Well if you're using VPN for well "shady stuff" (e.g. torrenting), I don't suppose a VPS with your Full name, credit card, and billing address is specially helpful.
But except that deploying Wireguard* on a VPS for bypassing censorship/georestrictions is quite nice and cheaper compared to many paid ones.
* Tailscale and Zerotier aren't really needed if you want to route all your traffic thru a single machine, wireguard itself does exactly this.
I'm currently looking into implementing a VPN setup on AWS to allow my team to access services in private subnets. Tailscale seems great but too pricey for our small company. I'm playing with Pritunl now, but looking for other suggestions. Ideally I want to have some SSO functionality so we don't have to manage users and the team can log in with their company Google account. Any suggestions for this type of setup?

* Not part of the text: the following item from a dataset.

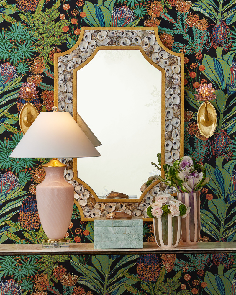 The Fiona Box is an artisanal piece created when serpentine stone is cut into pieces and placed on the exterior surfaces in a mosaic pattern. The interior of the mint-colored wood box is painted in a complementary green to enhanced the luxe feel of the decorative accessory. The beautiful pastel-colored box is topped with an abalone shell that is a gleaming decorative touch, though not a handle. The surfaces and the shell will vary slightly from piece to piece.
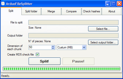 ArduoFileSplitter je výkonný a snadno použitelný nástroj pro dělení a spojování souborů. Podporuje všechny typy souborů, včetně videí, hudby, obrázků a dokumentů. Můžete si vybrat z předdefinovaných velikostí částí nebo nastavit vlastní velikost. ArduoFileSplitter také vytváří MD5 soubory, které certifikují správnost jednotlivých částí. S jednotlivými částmi můžete normálně zacházet jako s klasickými soubory a v případě potřeby je opět spojíte dohromady. ArduoFileSplitter také umožňuje porovnávání jednotlivých částí souborů a dělení a spojování adresářů s celými jejich obsahy.

WireGuard. Run it on a bastion box. There isn’t a batteries included tool I know that’s good at this. The WireGuard ecosystem means you gotta glue a lot of OSS stuff together.
tldr make sure the bastion box can reach the stuff you need it to reach as far as subnets and security groups go, ensure kernel will fwd traffic from WireGuard clients, run WireGuard daemon, and expose it to the outside world via eip. I’m oversimplifying (dns, sec groups, routing client traffic to other subnets) - but hopefully that explains the gist.
I have a small Python script that takes a XLSX file as input and populates a dir with config files and QR code images for each user.
Or you can check out some of the OSS ways to do self-service vpn mgmt with a web UI that authenticates against Google auth. I haven’t deployed this yet but it looks cool https://github.com/subspacecloud/subspace
If you know this sort of tech well it is not hard to deploy and manage yourself. But tailscale has a really killer clientside experience and “just works” so honestly it might be worth the $$$
Thanks for the suggestion. I have seen subspace, but haven't had a chance to explore it deeply. I don't mind deploying and managing my own setup, but since my team is small, I want to limit how much time I have to spend on this in the long run. I have definitely considered running my own setup of barebones WireGuard, but haven't come across an elegant user management solution.
I've looked into replacing my personal WireGuard setup with an innernet [0] managed network. You can throw it onto a generic VPS and make managing WireGuard peers super easy.
It's not unlike Tailscale and nebula (that others already mentioned) but I think it deserves to be mentioned.
Wireguard isn't so good for mesh networks because every new node requires reconfiguring all the others. Even with management utilities this is a pain, so instead I recommend something like nebula
https://github.com/slackhq/nebula
Not necessarily. You can have one or several (potentially load-balances) “gateways” which act as entrypoints into subnets.
At some point you’ll probably want to integrate with some identity management , but dozens of users and hundreds of servers are totally fine to manage as yaml in ansible IME.
As other have suggested, Nebula (https://github.com/slackhq/nebula) is pretty elegant. It has groups-based access built in which is extremely convenient.
You can bolt-on SSO fairly easily - just create a certificate signing service. I created https://github.com/unreality/nebula-mesh-admin in a weekend, so its fairly easy to add a SSO flow in.
Yeah, we do use it for ssh access. I know about the portforwarding capabilities, but haven't explored it for this use case. Given that our environment is dynamic, I don't know if accessing internal services via portforwarding over ssh is going to be feasible.
This is great! But now that I have family and friends network, and a work network - how do I easily switch from one to the other? As far as I can tell, one has to log out and back in via the "long" oauth route for every device (ie: phone and laptop for work from home)?
> This plan is also available to families and friends. Connect to your dad’s photo server, provide feedback on your daughter-in-law’s new app, and check in on your neighbor’s shared driveway webcam.
EDIT: https://tailscale.com/kb/1139/tailscale-vs-zerotier/
That is a very fair writeup for a competing product. Nice!